■ Data under study:
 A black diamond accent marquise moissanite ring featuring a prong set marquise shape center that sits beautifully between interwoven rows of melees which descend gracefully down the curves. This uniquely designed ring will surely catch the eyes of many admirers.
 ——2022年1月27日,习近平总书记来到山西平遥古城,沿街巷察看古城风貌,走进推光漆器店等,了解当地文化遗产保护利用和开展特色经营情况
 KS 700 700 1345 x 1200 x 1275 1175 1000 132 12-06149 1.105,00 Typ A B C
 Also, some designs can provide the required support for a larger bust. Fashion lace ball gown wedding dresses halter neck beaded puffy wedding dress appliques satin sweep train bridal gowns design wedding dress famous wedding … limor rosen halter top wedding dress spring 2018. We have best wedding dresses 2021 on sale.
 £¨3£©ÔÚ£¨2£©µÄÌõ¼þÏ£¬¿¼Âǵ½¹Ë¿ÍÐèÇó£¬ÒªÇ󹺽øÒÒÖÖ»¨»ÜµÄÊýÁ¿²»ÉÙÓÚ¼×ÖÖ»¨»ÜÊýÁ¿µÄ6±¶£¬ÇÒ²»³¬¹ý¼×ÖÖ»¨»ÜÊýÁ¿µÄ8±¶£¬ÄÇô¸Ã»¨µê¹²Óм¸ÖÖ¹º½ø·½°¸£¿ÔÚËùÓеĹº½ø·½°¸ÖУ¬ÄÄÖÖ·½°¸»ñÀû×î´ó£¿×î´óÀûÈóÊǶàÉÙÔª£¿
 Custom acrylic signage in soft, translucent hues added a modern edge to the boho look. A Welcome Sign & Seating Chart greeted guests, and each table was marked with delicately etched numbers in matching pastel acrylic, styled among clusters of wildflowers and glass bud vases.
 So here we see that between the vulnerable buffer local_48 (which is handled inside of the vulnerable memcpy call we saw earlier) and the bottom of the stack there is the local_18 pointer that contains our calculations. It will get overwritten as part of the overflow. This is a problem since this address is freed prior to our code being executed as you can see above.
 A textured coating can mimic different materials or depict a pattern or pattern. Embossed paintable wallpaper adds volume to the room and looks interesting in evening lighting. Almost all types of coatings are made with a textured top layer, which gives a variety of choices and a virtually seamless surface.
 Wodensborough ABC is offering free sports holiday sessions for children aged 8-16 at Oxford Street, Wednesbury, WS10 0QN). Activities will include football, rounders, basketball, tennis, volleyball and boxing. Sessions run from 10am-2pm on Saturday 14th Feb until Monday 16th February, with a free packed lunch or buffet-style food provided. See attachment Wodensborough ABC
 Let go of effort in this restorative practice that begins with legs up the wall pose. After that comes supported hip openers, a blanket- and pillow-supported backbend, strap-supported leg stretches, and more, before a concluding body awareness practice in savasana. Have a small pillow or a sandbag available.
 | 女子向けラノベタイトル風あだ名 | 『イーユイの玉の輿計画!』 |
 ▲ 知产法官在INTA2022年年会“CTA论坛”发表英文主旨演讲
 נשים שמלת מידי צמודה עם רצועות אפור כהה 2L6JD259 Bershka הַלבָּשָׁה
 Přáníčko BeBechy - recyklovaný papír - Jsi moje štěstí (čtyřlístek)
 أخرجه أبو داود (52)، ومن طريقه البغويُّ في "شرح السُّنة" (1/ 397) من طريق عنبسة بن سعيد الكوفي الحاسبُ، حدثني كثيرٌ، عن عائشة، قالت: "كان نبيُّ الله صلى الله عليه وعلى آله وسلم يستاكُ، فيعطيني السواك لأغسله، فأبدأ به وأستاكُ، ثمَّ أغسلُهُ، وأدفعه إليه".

■ Exercise goal:
Retype the entries above exactly, but only from the line containing "KS 700 700 1345" through the line containing "Custom acrylic signage", both included.

■ Output of the task:
 KS 700 700 1345 x 1200 x 1275 1175 1000 132 12-06149 1.105,00 Typ A B C
 Also, some designs can provide the required support for a larger bust. Fashion lace ball gown wedding dresses halter neck beaded puffy wedding dress appliques satin sweep train bridal gowns design wedding dress famous wedding … limor rosen halter top wedding dress spring 2018. We have best wedding dresses 2021 on sale.
 £¨3£©ÔÚ£¨2£©µÄÌõ¼þÏ£¬¿¼Âǵ½¹Ë¿ÍÐèÇó£¬ÒªÇ󹺽øÒÒÖÖ»¨»ÜµÄÊýÁ¿²»ÉÙÓÚ¼×ÖÖ»¨»ÜÊýÁ¿µÄ6±¶£¬ÇÒ²»³¬¹ý¼×ÖÖ»¨»ÜÊýÁ¿µÄ8±¶£¬ÄÇô¸Ã»¨µê¹²Óм¸ÖÖ¹º½ø·½°¸£¿ÔÚËùÓеĹº½ø·½°¸ÖУ¬ÄÄÖÖ·½°¸»ñÀû×î´ó£¿×î´óÀûÈóÊǶàÉÙÔª£¿
 Custom acrylic signage in soft, translucent hues added a modern edge to the boho look. A Welcome Sign & Seating Chart greeted guests, and each table was marked with delicately etched numbers in matching pastel acrylic, styled among clusters of wildflowers and glass bud vases.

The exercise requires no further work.